I'm not debating that,but I'm debating whether the term God is even useful to talk about varying and contradictory definitions ascribed to it. You can't simultaneously say that the definition of God as a rock or the universe is equally valid to the definition of Christians, Jews and Muslims.




So what would you use to replace it? For instance in the bible's "God created the heavens and the earth"?
THe deity, the creator any number of things that might express more specifically what the Abrahamic tradition means.

Not agreed on. I think that for a psychologist "world views" would be subjective, but most philosophers, when they say for instance that monkeys exist whether we like it or not, or whether we percieve them or not, mean just what they say.

We're talking about people's perceptions, not the actual existence of things. You didn't want to talk apologetics, why try to segue into the notion that God could be argued to objectively exist, which is just ontological acrobatics?

Ok you are not ignostic then *smiles*
Except you're still confusing the difference between accepting definitions as understandable with not seeing any use for the term these contradictory definitions are ascribed to. God means nothing when it is defined in so many varying and counterintuitive ways. That is my difficulty. I don't deny people define God and can make it seem rationally defensible, but my difficulty is that God is not the best term for all the definitions, if any of them.

Agreed that if there is a god, then not all definitions can be right if they are inconsistent. As an aside I think that the idea that we can just invent god concepts willy nilly is a bit strange, personally. Maybe we can invent "clothing" concepts willy nilly, and wear fresh air?

It's not that people just made them up, they genuinely believe them to be true in cases such as pantheism or animism. You can't just argue that people arbitrarily make things up just to be contrary.

Not agreed. You cannot just make the term "God" mean anything, otherwise it will stop having adequate relationship to the core family of qualities. For instance I can't say "this baked bean is God, and I don't mean a creator or superintelligent being of some sort, but I simply call this baked bean "God", perhaps because it's a pinky orange colour, and define it as God, and that is that!" That would be to ascribe a name to something, rather than to thing that something to have divine attributes. It would be asking to saying "Ok officer, I may appear to be naked, but I define fresh air as clothing." See how that one stands up in court!

Except you can if it's all a matter of faith. If you're trying to say it's a rationally coherent and falsifiable definition, then of course you have a point.

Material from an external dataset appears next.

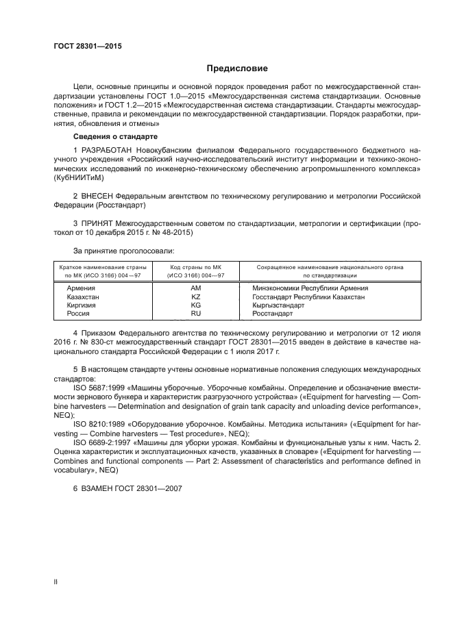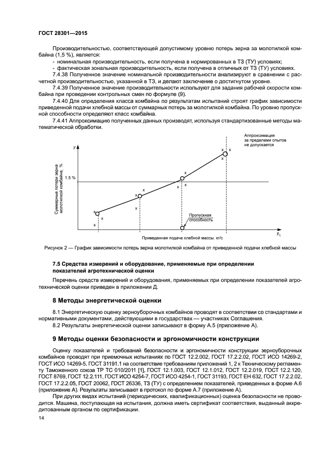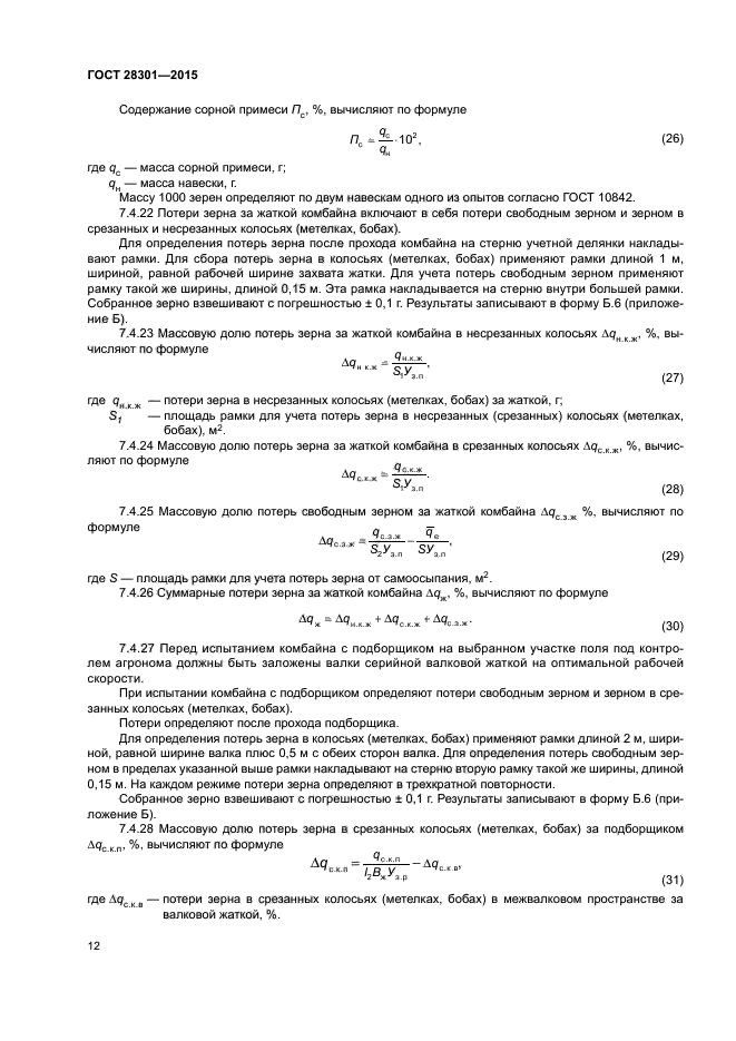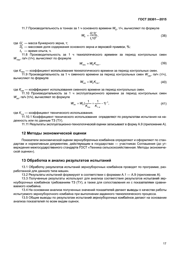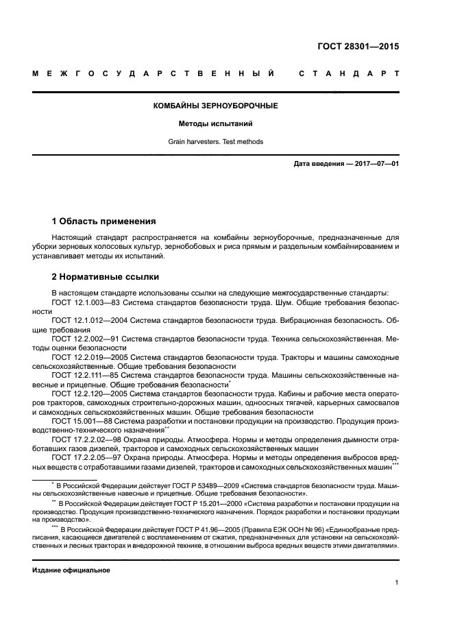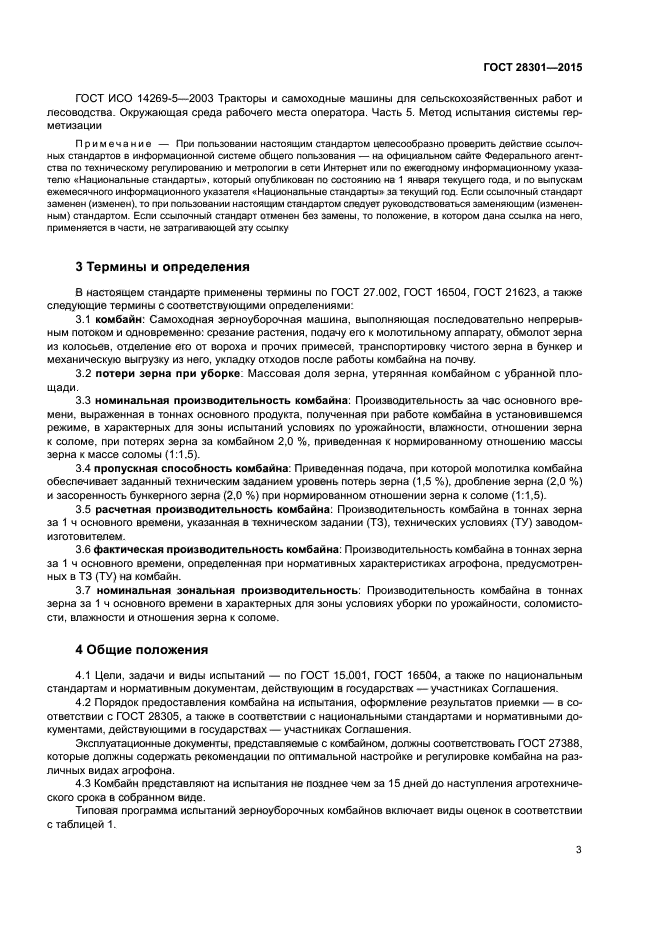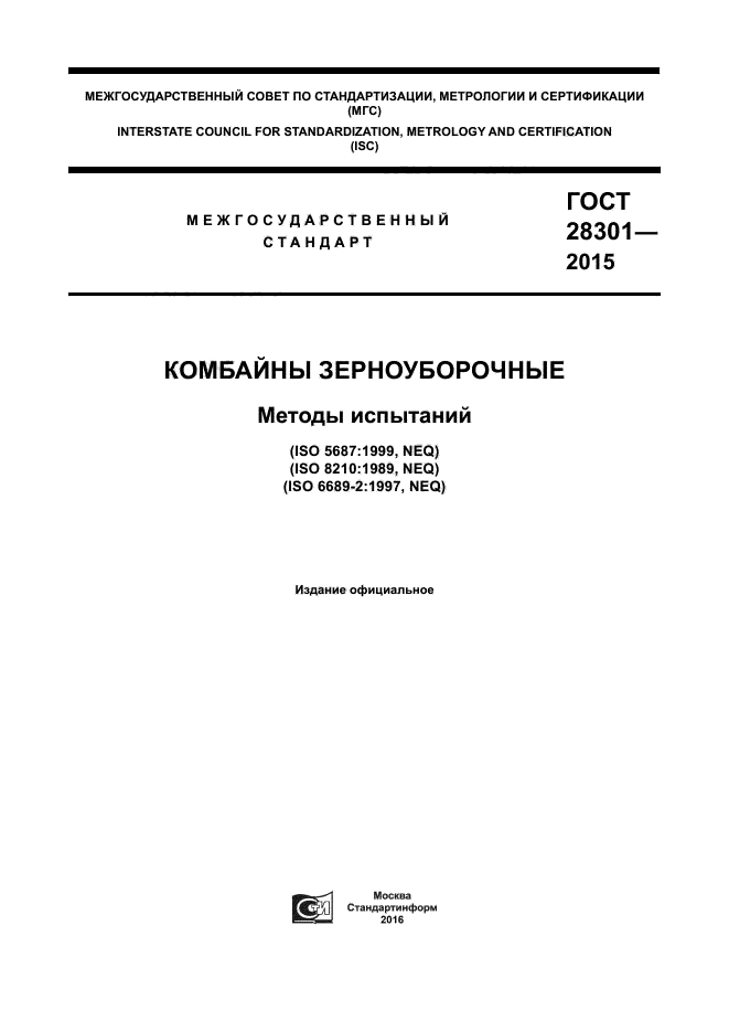 | Область и условия применения: | Настоящий стандарт распространяется на комбайны зерноуборочные, предназначенные для уборки зерновых колосовых культур, зернобобовых и риса прямым и раздельным комбайнированием и устанавливает методы их испытаний |

But people saying they believe in God or a higher power don't have to necessarily follow those basic rules, which makes the whole discussion of consistent language of theology and religion somewhat superfluous and context sensitive.

I think that there is a sorry trend on the internet that says "because there is such thing as a stipulative definition, all definitions are arbitrary and made up. For instance I can define "cat" as "dog" if I like, and this is as good English as anything else".

Stipulative definitions are context sensitive and thus are not universally applicable. People could agree in an esoteric context that God is defined in a certain specific way, but that doesn't mean everyone else will agree or see it that way by their own faith experiences. This is where people have to admit one basic limitation, being that any word they use to describe the sacred has to stop at that limitation in terms of a universally understandable concept. God or deity or divinity could all be said to go too far from what is at the bare minimum a manifestation in one way or another of the "sacred"


Hes entitled to his own opinion, but I don't think too much of it so far.:) You yourself have said that specific definitions of God make semantic sense, so the term can't always be practically redundant.

It's still practically redundant if there isn't any universally agreed definition. Faith based language is pointless to discuss in any sense beyond comparisons between dissonant concepts of the same word. God is defined by many to be transcendent, but others contest that and say it is immanent. And then there's those that try to have it both ways with more philosophical acrobatics.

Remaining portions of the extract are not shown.